What the task requires: What are the lines below, starting at the line containing "주황색 20이평 또한 주가가 높아졌음에도 좌측보다 고점이 상승하지 않았네요." and ending at the line containing "Got cheap plastic"? Write them out exactly, ends included, without pictures.
[[ Supplied records open ]]
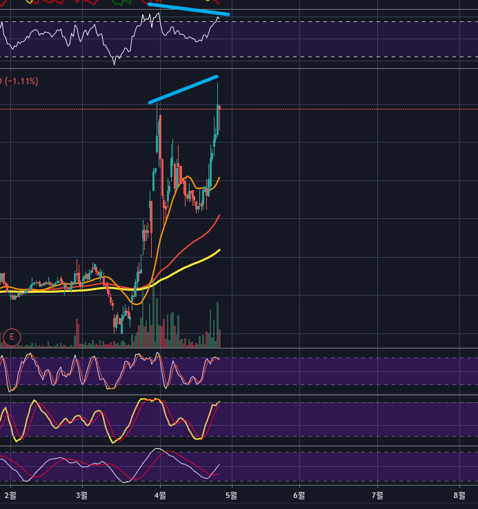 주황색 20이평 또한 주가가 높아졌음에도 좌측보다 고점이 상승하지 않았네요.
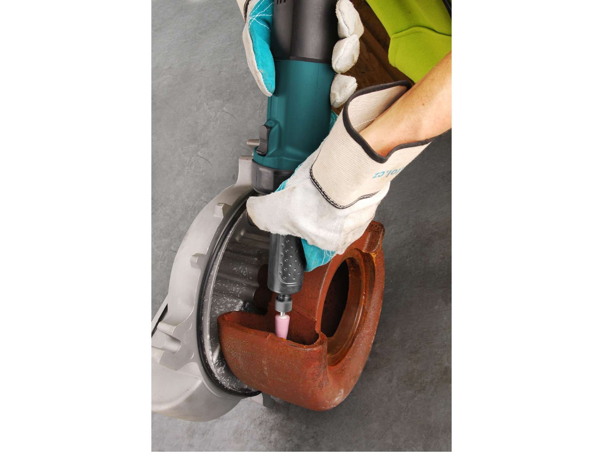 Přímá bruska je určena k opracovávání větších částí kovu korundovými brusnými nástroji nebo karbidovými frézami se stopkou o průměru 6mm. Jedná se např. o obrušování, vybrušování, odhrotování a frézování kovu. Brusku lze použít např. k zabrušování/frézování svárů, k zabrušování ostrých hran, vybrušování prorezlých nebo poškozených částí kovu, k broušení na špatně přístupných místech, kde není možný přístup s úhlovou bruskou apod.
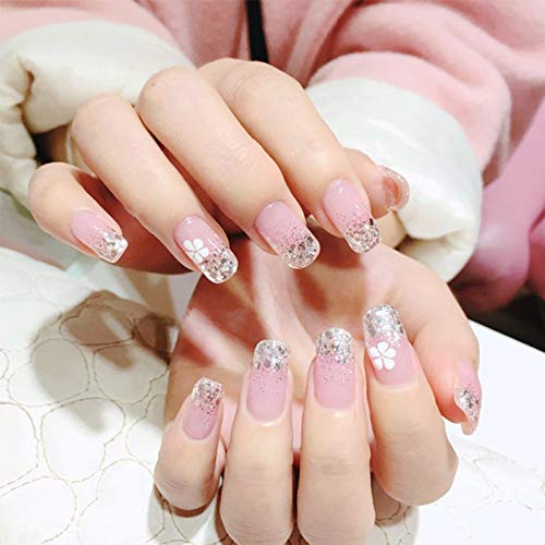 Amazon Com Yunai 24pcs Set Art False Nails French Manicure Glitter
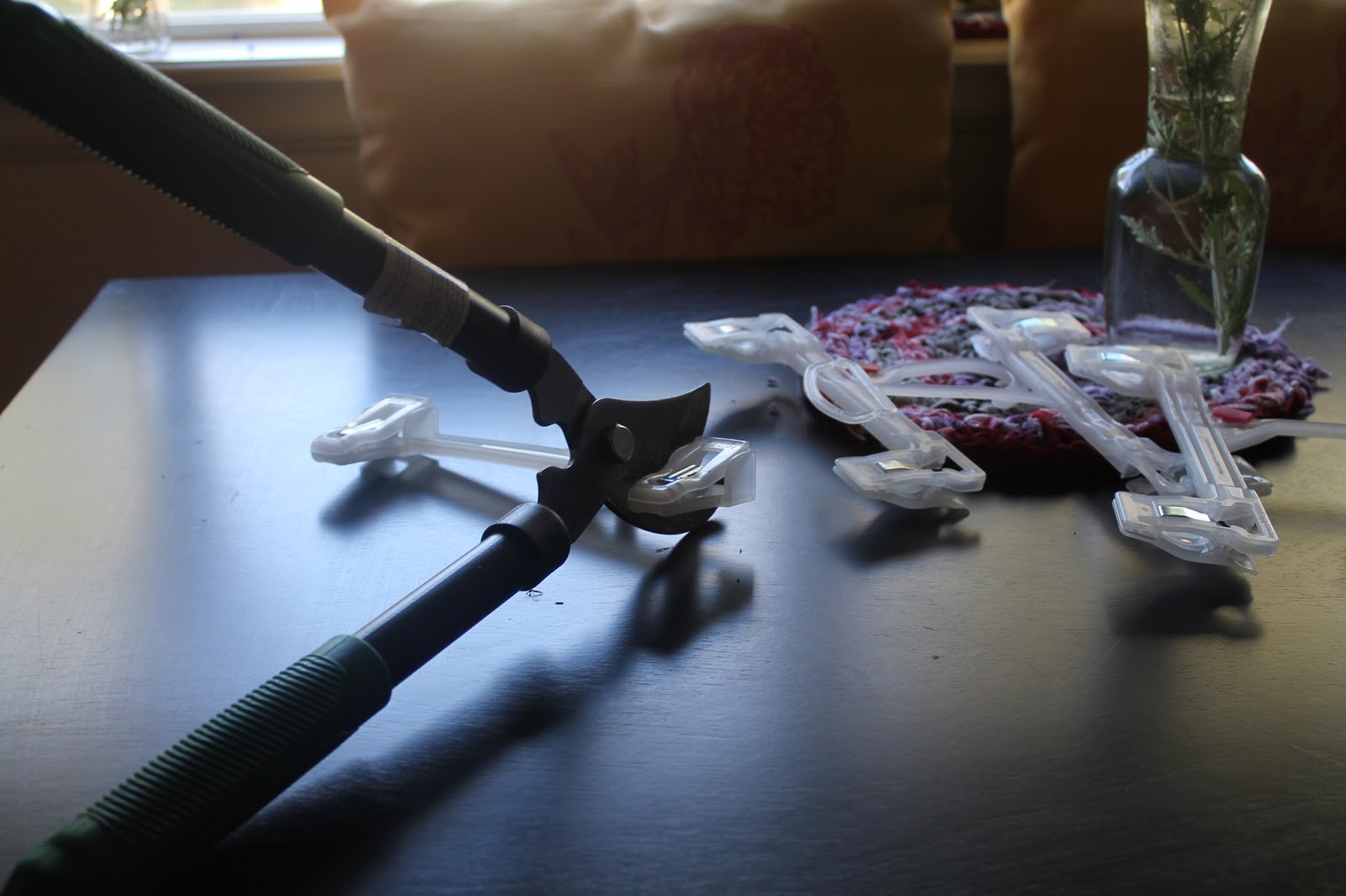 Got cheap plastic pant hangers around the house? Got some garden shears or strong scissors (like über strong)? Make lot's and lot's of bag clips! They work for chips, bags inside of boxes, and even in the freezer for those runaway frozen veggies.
[[ Supplied records closed ]]
[[ Supplied records open ]]
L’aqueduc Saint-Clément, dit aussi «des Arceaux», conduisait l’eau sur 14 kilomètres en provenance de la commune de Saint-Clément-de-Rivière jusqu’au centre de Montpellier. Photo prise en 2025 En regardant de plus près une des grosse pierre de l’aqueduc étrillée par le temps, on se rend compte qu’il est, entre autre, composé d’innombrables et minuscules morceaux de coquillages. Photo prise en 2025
[[ Supplied records closed ]]
[[ Supplied records open ]]
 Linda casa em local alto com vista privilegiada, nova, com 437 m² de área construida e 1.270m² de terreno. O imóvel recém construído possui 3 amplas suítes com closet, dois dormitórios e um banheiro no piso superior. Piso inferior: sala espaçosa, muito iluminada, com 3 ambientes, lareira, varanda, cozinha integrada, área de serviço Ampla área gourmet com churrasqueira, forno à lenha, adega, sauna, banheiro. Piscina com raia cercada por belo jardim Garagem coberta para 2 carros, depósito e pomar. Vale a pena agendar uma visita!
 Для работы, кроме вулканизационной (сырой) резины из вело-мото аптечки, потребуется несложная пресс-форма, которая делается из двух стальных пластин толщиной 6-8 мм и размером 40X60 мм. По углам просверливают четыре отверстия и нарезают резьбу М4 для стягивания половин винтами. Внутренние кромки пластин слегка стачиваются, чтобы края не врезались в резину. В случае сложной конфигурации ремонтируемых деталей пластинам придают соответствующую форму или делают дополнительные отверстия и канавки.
[[ Supplied records closed ]]
Result of the task:
 주황색 20이평 또한 주가가 높아졌음에도 좌측보다 고점이 상승하지 않았네요.
 Přímá bruska je určena k opracovávání větších částí kovu korundovými brusnými nástroji nebo karbidovými frézami se stopkou o průměru 6mm. Jedná se např. o obrušování, vybrušování, odhrotování a frézování kovu. Brusku lze použít např. k zabrušování/frézování svárů, k zabrušování ostrých hran, vybrušování prorezlých nebo poškozených částí kovu, k broušení na špatně přístupných místech, kde není možný přístup s úhlovou bruskou apod.
 Amazon Com Yunai 24pcs Set Art False Nails French Manicure Glitter
 Got cheap plastic pant hangers around the house? Got some garden shears or strong scissors (like über strong)? Make lot's and lot's of bag clips! They work for chips, bags inside of boxes, and even in the freezer for those runaway frozen veggies.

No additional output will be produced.